--- Given entries Enclosed Below ---

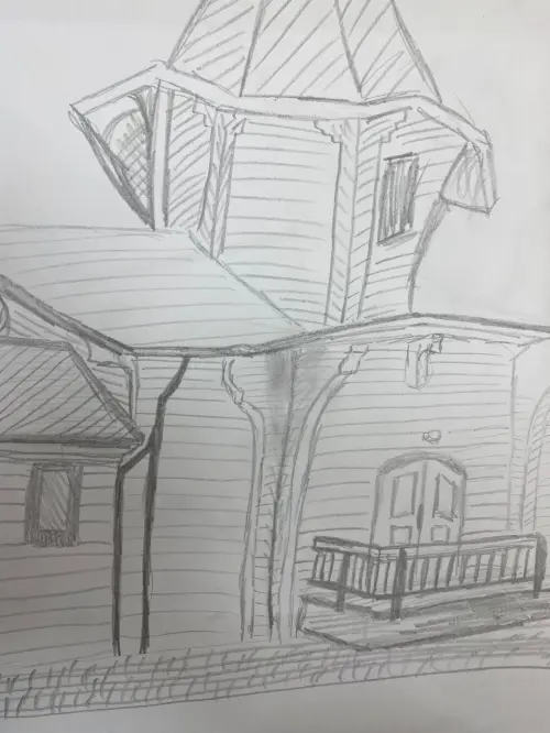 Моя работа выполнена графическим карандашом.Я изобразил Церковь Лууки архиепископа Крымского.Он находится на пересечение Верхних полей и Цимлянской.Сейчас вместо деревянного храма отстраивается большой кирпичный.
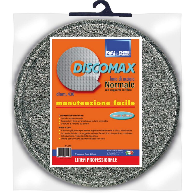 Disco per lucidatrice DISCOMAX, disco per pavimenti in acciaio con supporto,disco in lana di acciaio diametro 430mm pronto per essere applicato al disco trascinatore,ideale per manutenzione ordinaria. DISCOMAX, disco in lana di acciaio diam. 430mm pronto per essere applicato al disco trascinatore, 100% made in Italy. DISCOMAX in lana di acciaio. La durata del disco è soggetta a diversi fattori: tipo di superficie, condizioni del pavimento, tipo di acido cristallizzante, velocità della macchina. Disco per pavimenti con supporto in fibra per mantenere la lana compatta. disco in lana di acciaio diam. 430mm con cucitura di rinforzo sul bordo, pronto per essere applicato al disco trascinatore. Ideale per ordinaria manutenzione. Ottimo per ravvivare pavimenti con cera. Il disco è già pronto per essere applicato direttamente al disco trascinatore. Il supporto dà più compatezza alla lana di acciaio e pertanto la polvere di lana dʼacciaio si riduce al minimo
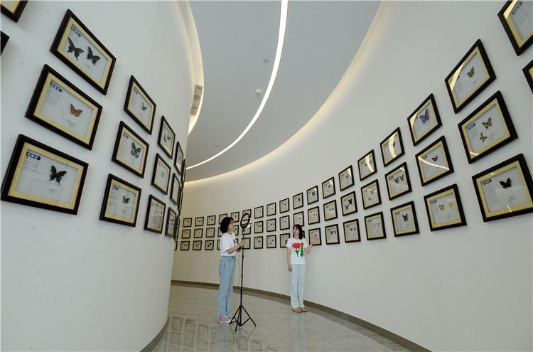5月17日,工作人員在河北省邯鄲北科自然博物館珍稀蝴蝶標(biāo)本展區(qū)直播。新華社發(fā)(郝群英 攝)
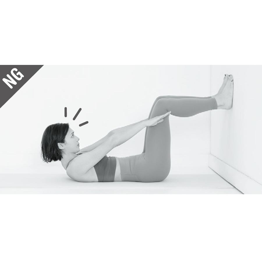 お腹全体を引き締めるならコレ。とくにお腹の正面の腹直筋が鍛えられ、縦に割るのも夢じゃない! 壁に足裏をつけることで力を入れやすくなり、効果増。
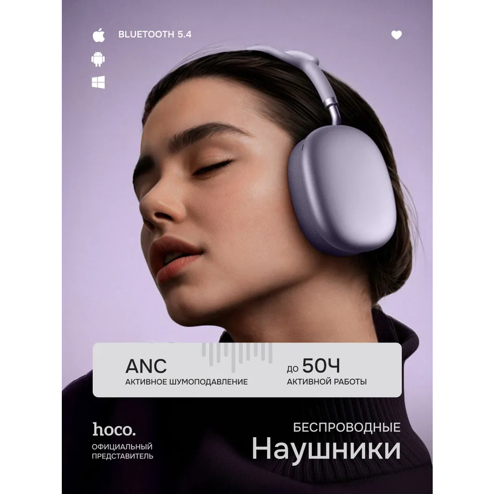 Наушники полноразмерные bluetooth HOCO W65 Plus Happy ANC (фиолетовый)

--- End of Enclosed Given entries ---

What the task asks: Leave every picture out and retype exactly the lines of the records above from the one holding "Disco per lucidatrice" through the last, both ends included and nothing besides.

Exercise output:
 Disco per lucidatrice DISCOMAX, disco per pavimenti in acciaio con supporto,disco in lana di acciaio diametro 430mm pronto per essere applicato al disco trascinatore,ideale per manutenzione ordinaria. DISCOMAX, disco in lana di acciaio diam. 430mm pronto per essere applicato al disco trascinatore, 100% made in Italy. DISCOMAX in lana di acciaio. La durata del disco è soggetta a diversi fattori: tipo di superficie, condizioni del pavimento, tipo di acido cristallizzante, velocità della macchina. Disco per pavimenti con supporto in fibra per mantenere la lana compatta. disco in lana di acciaio diam. 430mm con cucitura di rinforzo sul bordo, pronto per essere applicato al disco trascinatore. Ideale per ordinaria manutenzione. Ottimo per ravvivare pavimenti con cera. Il disco è già pronto per essere applicato direttamente al disco trascinatore. Il supporto dà più compatezza alla lana di acciaio e pertanto la polvere di lana dʼacciaio si riduce al minimo
5月17日,工作人員在河北省邯鄲北科自然博物館珍稀蝴蝶標(biāo)本展區(qū)直播。新華社發(fā)(郝群英 攝)
 お腹全体を引き締めるならコレ。とくにお腹の正面の腹直筋が鍛えられ、縦に割るのも夢じゃない! 壁に足裏をつけることで力を入れやすくなり、効果増。
 Наушники полноразмерные bluetooth HOCO W65 Plus Happy ANC (фиолетовый)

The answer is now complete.